The average life expectancy has increased to 70 years, so a quick question went through my mind what if I have been gifted such a long life, shouldn’t I plan for a healthy and happy retirement? Shouldn’t I be prepared for the future?
I am pretty sure that this question might have crossed through your mind too. The answer for the same is National Pension Scheme.
What is NPS?
National Pension Scheme is a defined contribution-based Pension Scheme launched by Government of India. NPS is regulated by Pension Fund Regulatory Authority of India (PFRDA). It is a voluntary scheme for old age security.
Why should I invest in NPS?
1. Tax benefits:
Additional investment up to Rs. 50,000, is deductible from taxable income under section 80CCE over and above 1.5 lakh deduction which we get under NPS below.
2. Returns:
You can expect a return of 9% from NPS. Returns are totally dependent on the investment choice you do.
3. Source of regular income:
NPS will help you take care of your monthly expenses when you need it most.
4. Flexibility:
The amount of investment and frequency of contribution can be changed as per the subscriber requirement.
5. Portability:
NPS account remains the same irrespective of change of employment or region.
Who can invest in NPS?
A citizen of India, whether resident or non-resident can join NPS between the age group of 18 to 60 years. A pre-existing pension account holders can also apply under this scheme for fresh registration.
Types of Account under National Pension Scheme:
1. Tier I Account:
A Tier I account is mandatory to open in order to join NPS. The account has limitations on withdrawal. The subscriber needs to make a minimum contribution of INR 1,000/year. Taxation benefits can be availed on money deposited in this account.
2. Tier II Account:
This account is optional and can be opened at any point of time – at the time of opening Tier I account or later.

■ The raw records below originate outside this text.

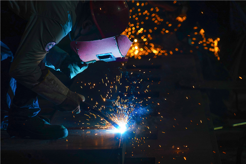 8月2日,程力专用汽车股份有限公司生产车间里焊花飞舞,工人们在高温下坚持生产,确保订单按时交付。(全媒记者 孙洪涛摄)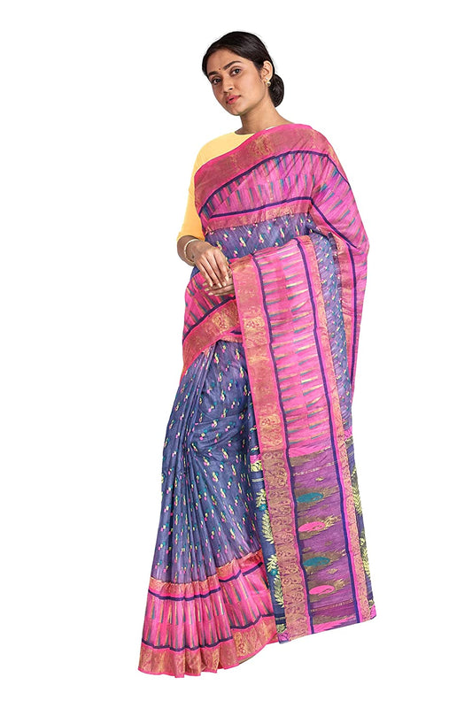 Pradip Fabrics Ethnic Women's All over Tant Jamdani Blue and Pink Color Saree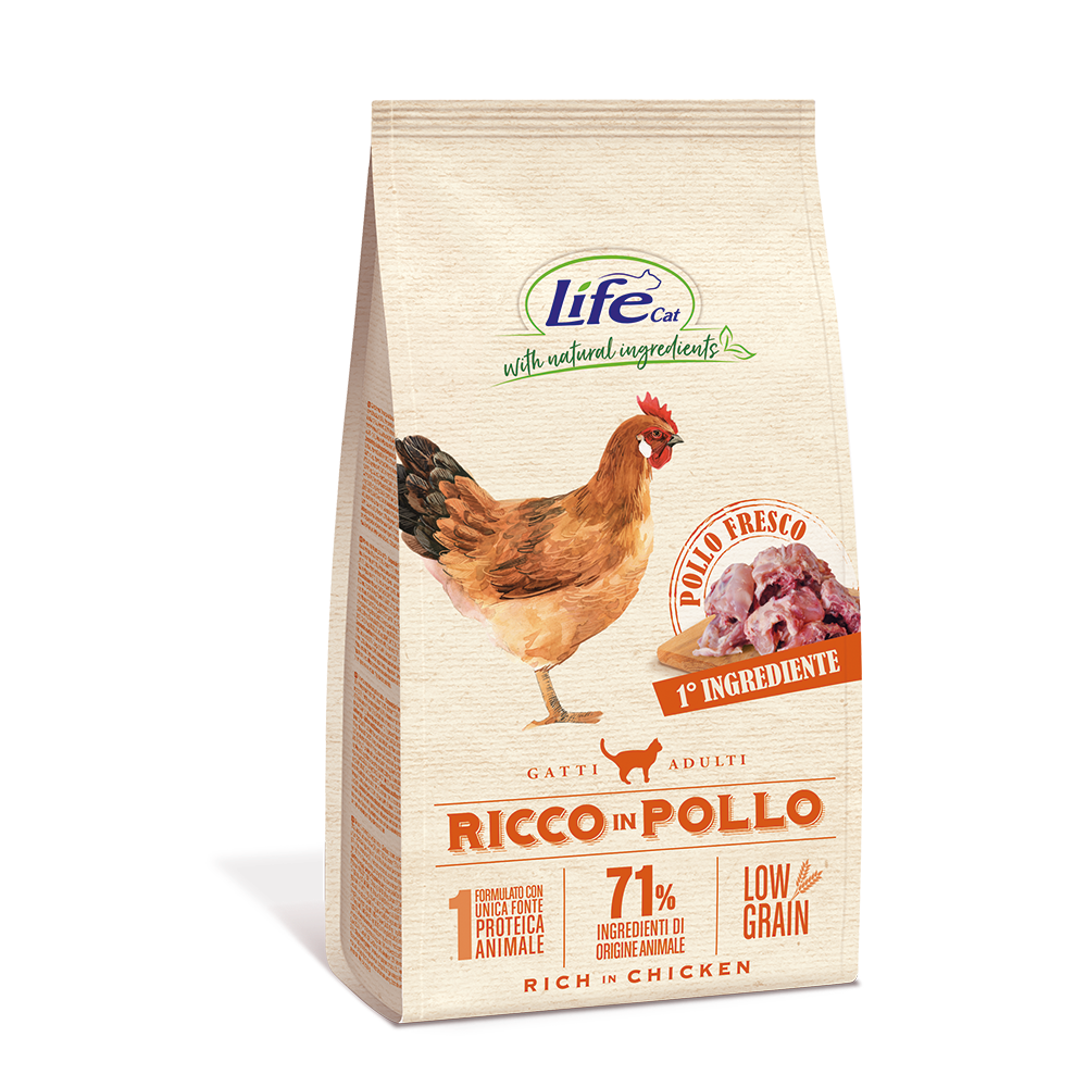 Pollo fresco* (35%), Pollo disidratato (30%), Riso* (8,2%), Patate* (7,5%) Farina di riso* ( 5,2%), Farina di riso integrale* (5%), Proteine animali idrolizzate, Grasso di pollo, Sostanze minerali, Inulina di cicoria – fonte di FOS (0,1%), Mannano – oligosaccaridi* (0,1%), Yucca schidigera* (0,01%).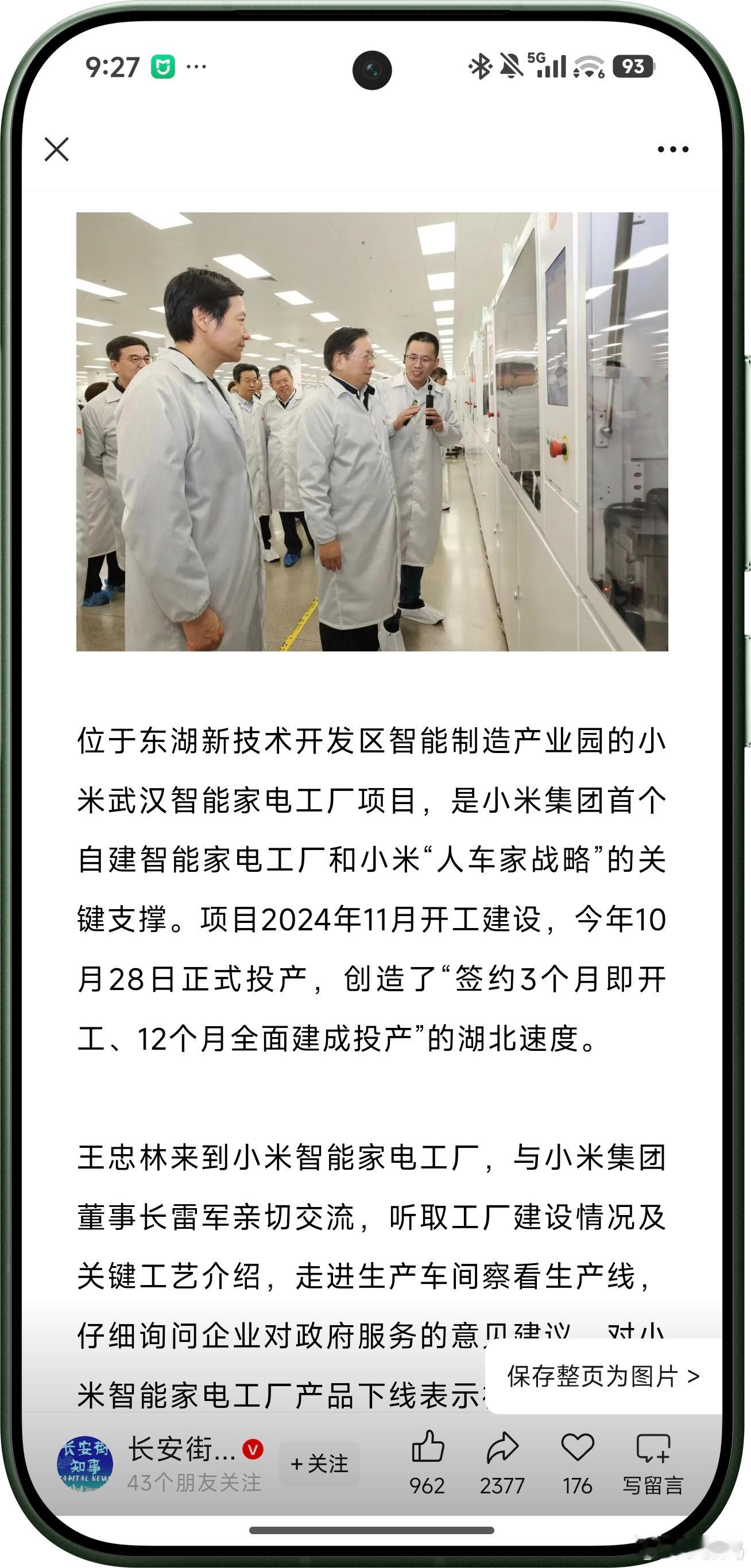 湖北省省委书记参观了小米这个大家电工厂,并且向雷老板点赞表示了祝贺。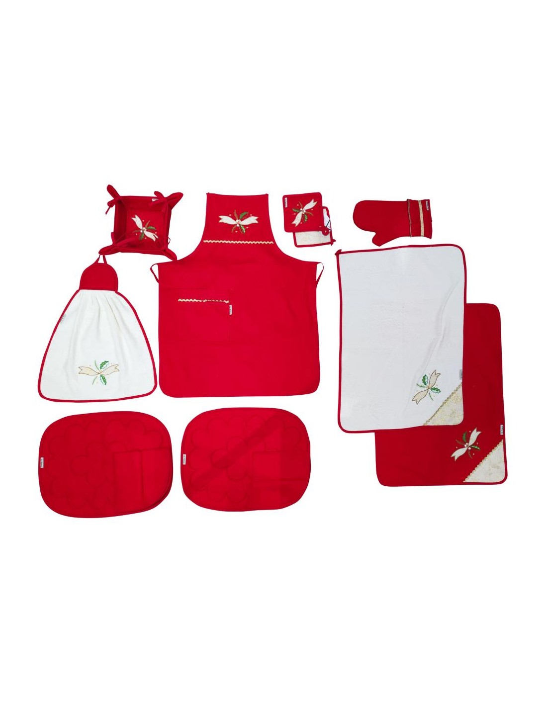 SET CUCINA 10 PEZZI CON RICAMO NATALIZIO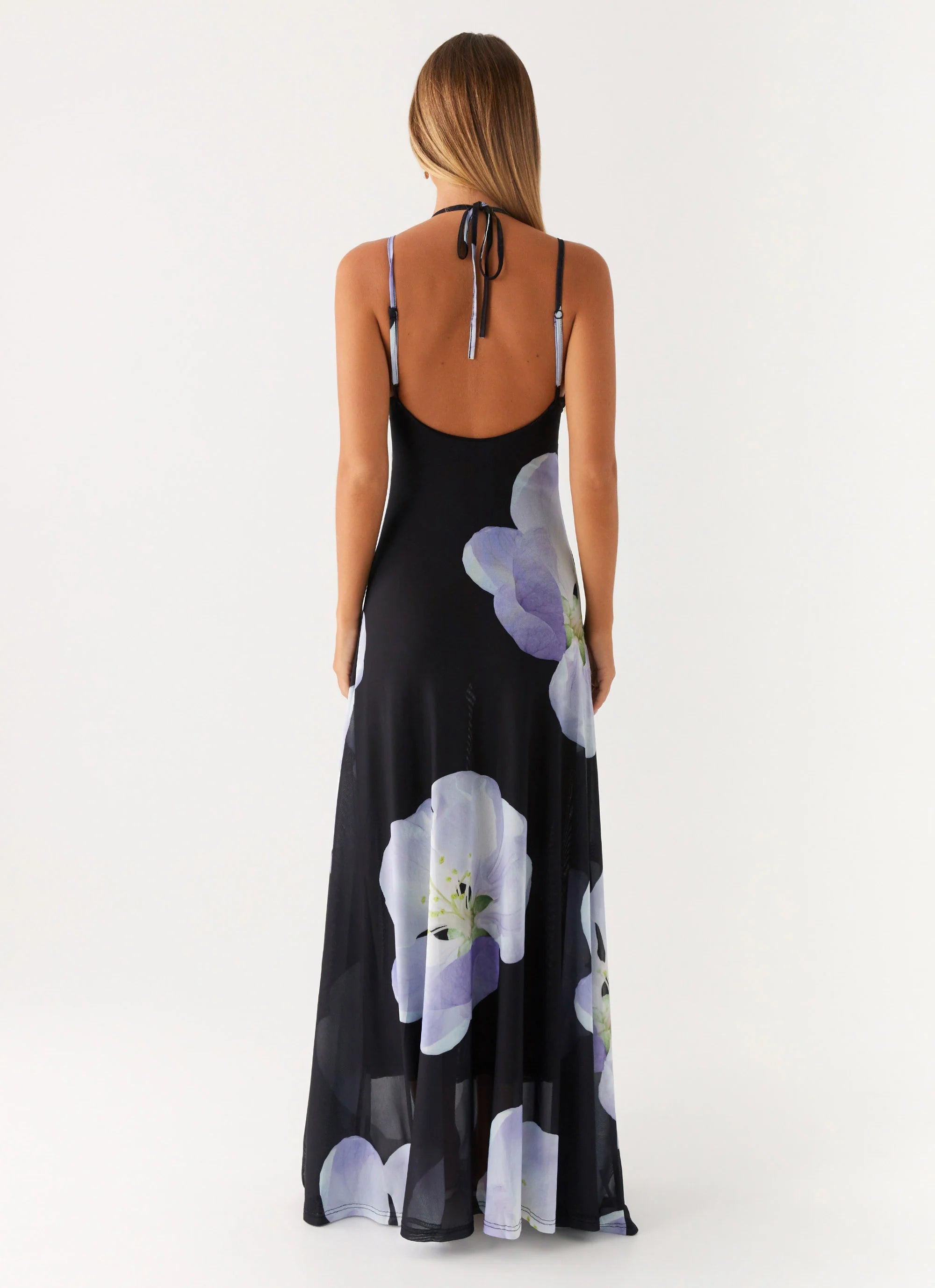 The Enrika Maxi Dress features edgy front cutouts and a sleek back cutout, with thin straps for a delicate touch. The design exudes a bold yet sophisticated vibe, perfect for making a statement.

Tier I account is compulsory for opening Tier II account.
How to open an NPS Account?
In today’s digital world where everything is available online, we are a new-age app that makes it easy to invest in mutual funds. You can directly invest through our app and it’s just a few clicks away.
Withdrawing money from NPS:
After 60 years of age, up to 60% can be redeemed lumpsum out of which 40% is tax free; the balance will be converted for pension payout.
If you want to exit before 60 years of age, then only 20% of the corpus can be withdrawn and balance to be invested for pension payout.
In case of death the subscriber, a nominee is allowed to withdraw 100% of NPS.
Conclusion:
If you want to enjoy the 2nd innings of your series you should definitely invest in NPS.